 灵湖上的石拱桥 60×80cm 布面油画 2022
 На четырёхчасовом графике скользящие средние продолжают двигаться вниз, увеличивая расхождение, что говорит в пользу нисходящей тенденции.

* * *

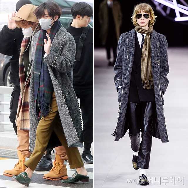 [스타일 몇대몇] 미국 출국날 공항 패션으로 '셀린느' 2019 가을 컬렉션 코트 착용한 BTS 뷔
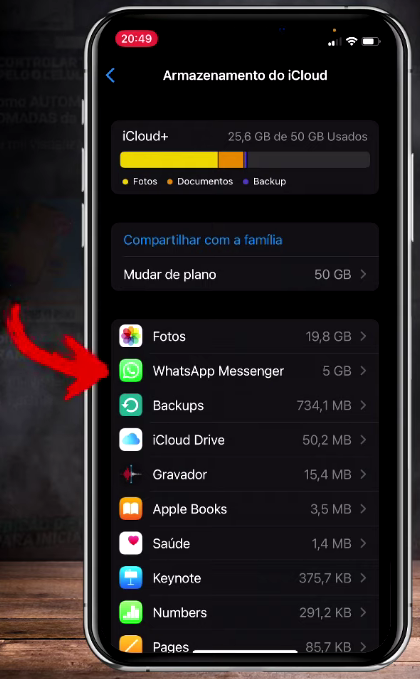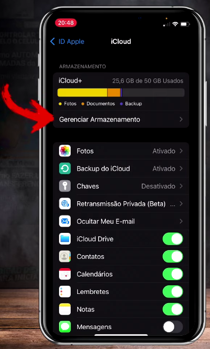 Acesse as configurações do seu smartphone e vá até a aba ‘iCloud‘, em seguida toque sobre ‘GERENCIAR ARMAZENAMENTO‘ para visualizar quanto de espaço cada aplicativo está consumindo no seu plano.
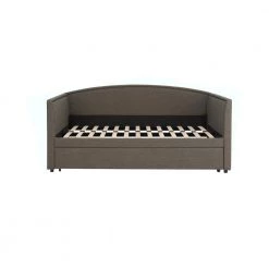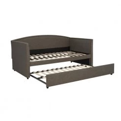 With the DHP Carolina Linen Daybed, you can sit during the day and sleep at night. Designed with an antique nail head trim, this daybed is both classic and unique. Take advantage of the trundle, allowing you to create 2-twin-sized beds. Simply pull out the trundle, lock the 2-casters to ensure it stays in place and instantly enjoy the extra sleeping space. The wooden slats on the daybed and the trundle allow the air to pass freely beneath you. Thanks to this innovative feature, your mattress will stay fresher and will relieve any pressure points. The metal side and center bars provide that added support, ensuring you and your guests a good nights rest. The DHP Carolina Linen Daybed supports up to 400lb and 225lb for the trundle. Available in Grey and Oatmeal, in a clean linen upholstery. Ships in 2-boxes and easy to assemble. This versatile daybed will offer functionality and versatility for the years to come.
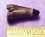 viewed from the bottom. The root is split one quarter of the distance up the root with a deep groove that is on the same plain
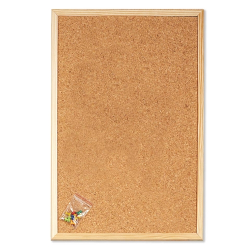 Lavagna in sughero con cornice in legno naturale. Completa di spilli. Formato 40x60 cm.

--

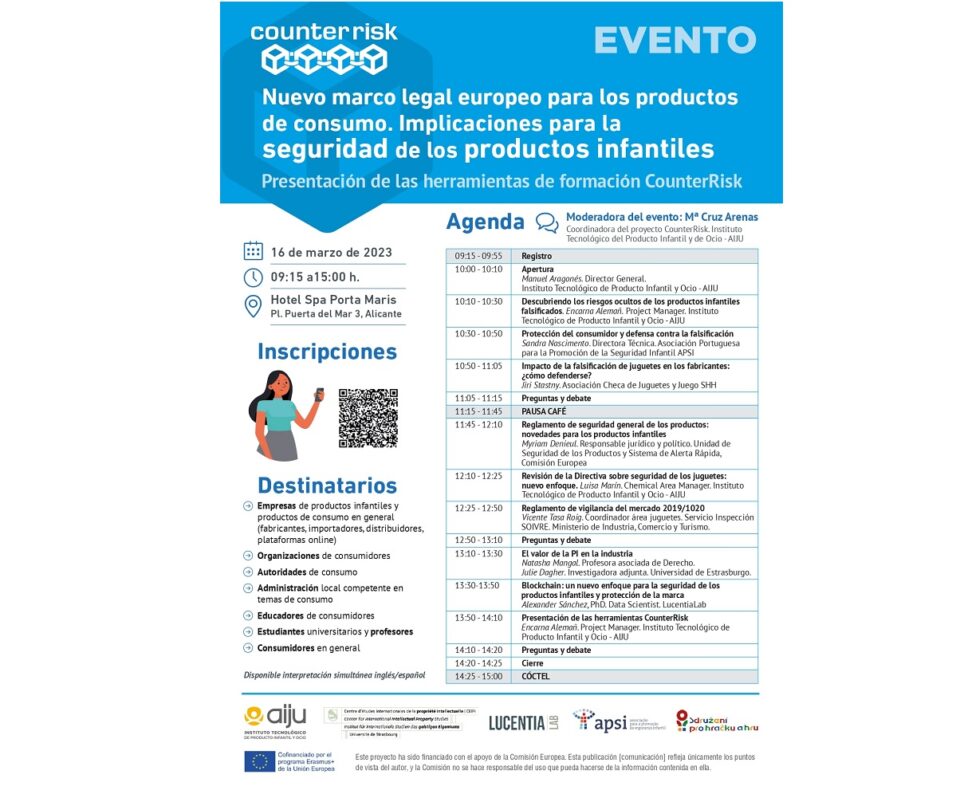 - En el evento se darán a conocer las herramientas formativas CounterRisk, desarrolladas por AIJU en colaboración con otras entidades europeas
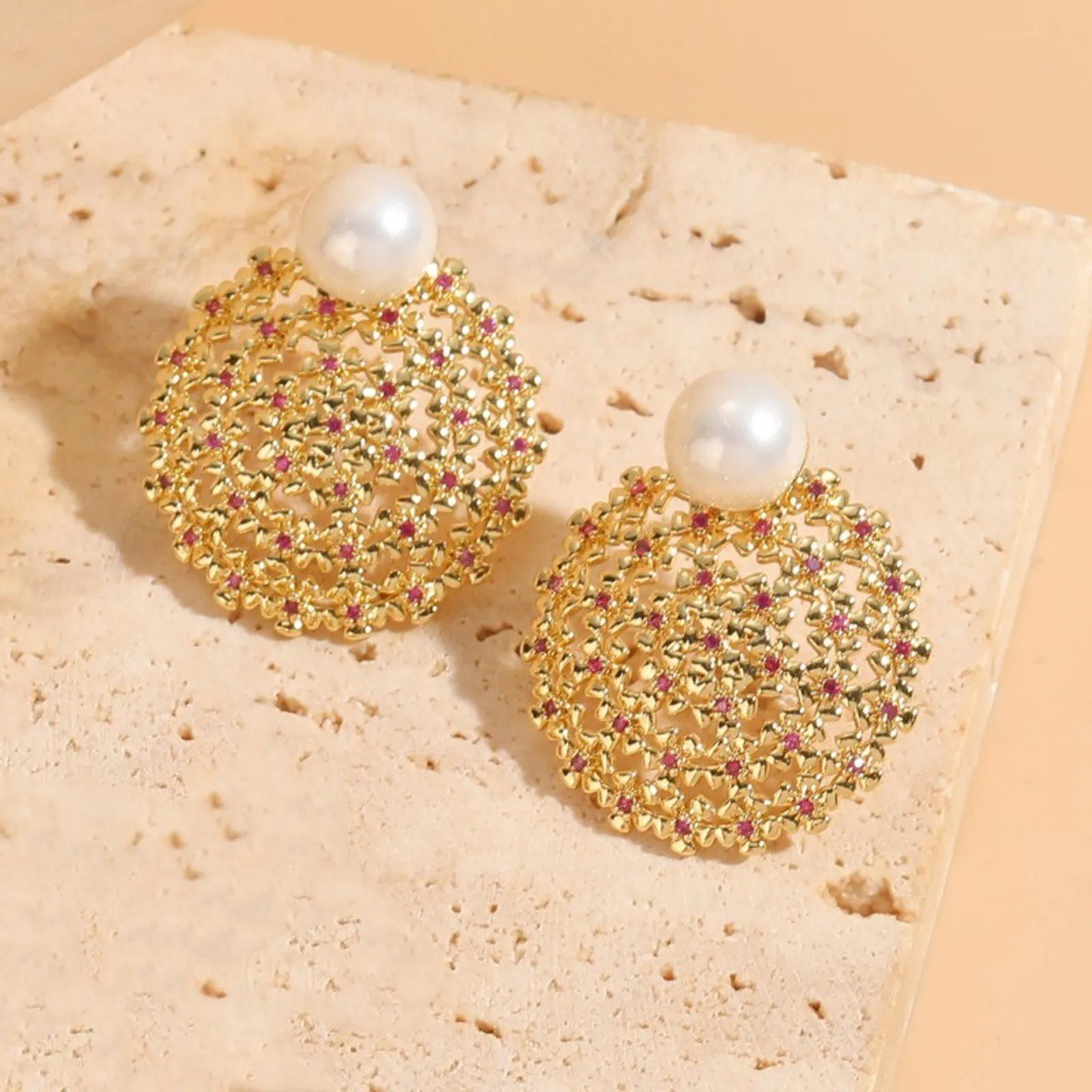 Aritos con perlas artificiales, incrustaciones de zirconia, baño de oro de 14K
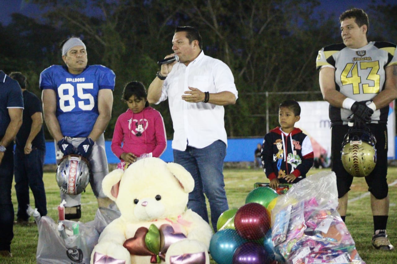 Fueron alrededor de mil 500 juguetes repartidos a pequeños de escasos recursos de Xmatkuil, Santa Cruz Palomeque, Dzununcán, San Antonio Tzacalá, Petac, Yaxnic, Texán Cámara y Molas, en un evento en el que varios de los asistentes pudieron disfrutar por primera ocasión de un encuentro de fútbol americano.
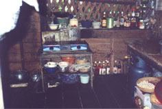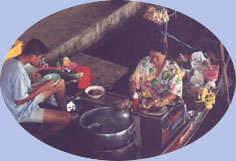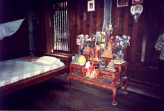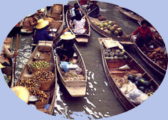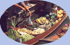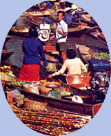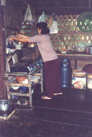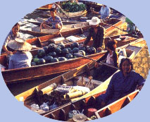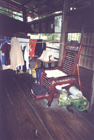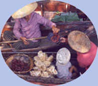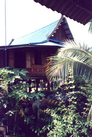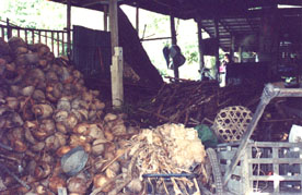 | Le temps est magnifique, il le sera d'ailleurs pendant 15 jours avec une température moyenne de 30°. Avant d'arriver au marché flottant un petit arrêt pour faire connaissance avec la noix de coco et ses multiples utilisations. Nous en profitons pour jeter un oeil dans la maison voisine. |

**What you need to do:**
Only the lines starting at the one with "Aritos con perlas" and ending at the one with "maison voisine. |" should be printed, each exactly as it appears in the material above; the pictures are to be omitted.

**Final answer:**
 Aritos con perlas artificiales, incrustaciones de zirconia, baño de oro de 14K
 Fueron alrededor de mil 500 juguetes repartidos a pequeños de escasos recursos de Xmatkuil, Santa Cruz Palomeque, Dzununcán, San Antonio Tzacalá, Petac, Yaxnic, Texán Cámara y Molas, en un evento en el que varios de los asistentes pudieron disfrutar por primera ocasión de un encuentro de fútbol americano.
 | Le temps est magnifique, il le sera d'ailleurs pendant 15 jours avec une température moyenne de 30°. Avant d'arriver au marché flottant un petit arrêt pour faire connaissance avec la noix de coco et ses multiples utilisations. Nous en profitons pour jeter un oeil dans la maison voisine. |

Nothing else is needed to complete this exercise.